How to avoid overbetting
- Cap per-trade risk: Hard ceiling (e.g., 1.5% max) regardless of confidence.
- Cap same-idea stacking: If two cards are correlated, treat them as one position.
- Respect venue/asset limits: Thin books? Even high confidence gets smaller size.
- Honor daily brakes: Confidence never overrides risk stops.
- Adjust for volatility: If ATR doubles, halve size even on high confidence.
- Match RR: If RR < 1.3, keep size on the lower band no matter the score.
Quick read checklist before you swipe
- Does the stop sit outside noise? High confidence with a too-tight stop is fake safety.
- Is the RR acceptable? If target/stop is ~1:1, size small even at high confidence.
- Is liquidity normal? Wide spreads reduce real edge.
- Are you correlated elsewhere? If you’re already long similar beta, downsize.
- Is TTL fresh? A stale high-confidence card is worse than a fresh medium one.
- Is funding sane? High funding eats edge; size down.
How to react to outcomes without tilting
- Hit TP at high confidence: Log it; confirm the model’s calibration. Don’t increase size beyond your band.
- Hit SL at high confidence: That’s data, not betrayal. Stay within the band; revisit structure quality.
- Hit SL at low confidence: Working as intended. Small risk protected you.
- Expire without fill: Good—no fill at bad price. Wait for the next card.
- Slip more than expected: Trade fewer cards during wide-spread windows or reduce band by 0.25×.
Calibration drill (15 minutes, once a week)
- Take last 20 cards. Bucket by confidence decile.
- For each bucket, note TP%, SL%, average RR.
- If a bucket underperforms, cap it to 0.75× base next week.
- If a bucket overperforms with tight stops, check slippage to ensure it’s real edge.
- Adjust band rules; write them down so you don’t improvise mid-week.
Common confidence myths
- “High confidence means bigger stops are okay.” No—stop distance is structure-driven; size absorbs distance.
- “Low confidence = skip all.” Not always; low can be fine with tiny size if RR is strong.
- “Confidence replaces RR.” Never. Bad RR + high confidence is still a bad bet.
- “One big win fixes variance.” Overbetting one card usually breaks the curve.
Mini playbook: news days
- Treat all bands as half-size on major news days.
- Only take cards with RR ≥ 2.0 and stops outside the news wick.
- If spreads blow out, pause until they normalize; confidence scores assume sane microstructure.
Mini playbook: low-vol chop
- Expect more fake breaks; prioritize cards with wider structure stops.
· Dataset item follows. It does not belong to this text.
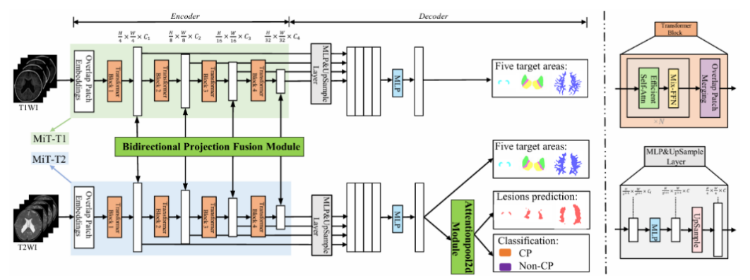 “圣人见微以知萌,见端以知末”。西安交大一附院杨健教授团队、数学与统计学院孙剑教授团队进一步融合人工智能,实现关键脑区病变的自动识别与多模态特征融合,初步建成脑瘫风险智能评估系统,相关算法发表于IEEE Trans Med Imaging,亓凯博士、黄婷婷博士为论文共同第一作者,孙剑教授、杨健教授为论文共同通讯作者。

- Keep size at 0.5–1.0× base unless volatility picks up.
- Be comfortable passing more; confidence drops faster when TTL decays in chop.
FAQs
- Can I ignore low confidence if I “feel” it? Feelings aren’t calibration. If you must trade it, trade it small.
- Why not go 3× at 90+? Edge isn’t linear at the tails; capacity and variance explode. Protect longevity.
- Does confidence equal hit rate? It’s related but also factors liquidity, vol, and recency of similar setups.
- Should I stack two high-confidence cards on same asset? Treat them as one idea; split size, don’t double total risk.
- What if confidence drops after I’m in? If structure and RR still hold, stick to plan. Avoid panic exits without signal.
- Do funding/spread changes affect confidence? They should affect your size. High cost = smaller size even if confidence is high.
The takeaway
Confidence should tune your size, not override your rules. Pick a base risk, apply a simple banded scale, and never let a high number talk you into breaking your brakes. That’s how you stay in the game long enough for any edge to matter.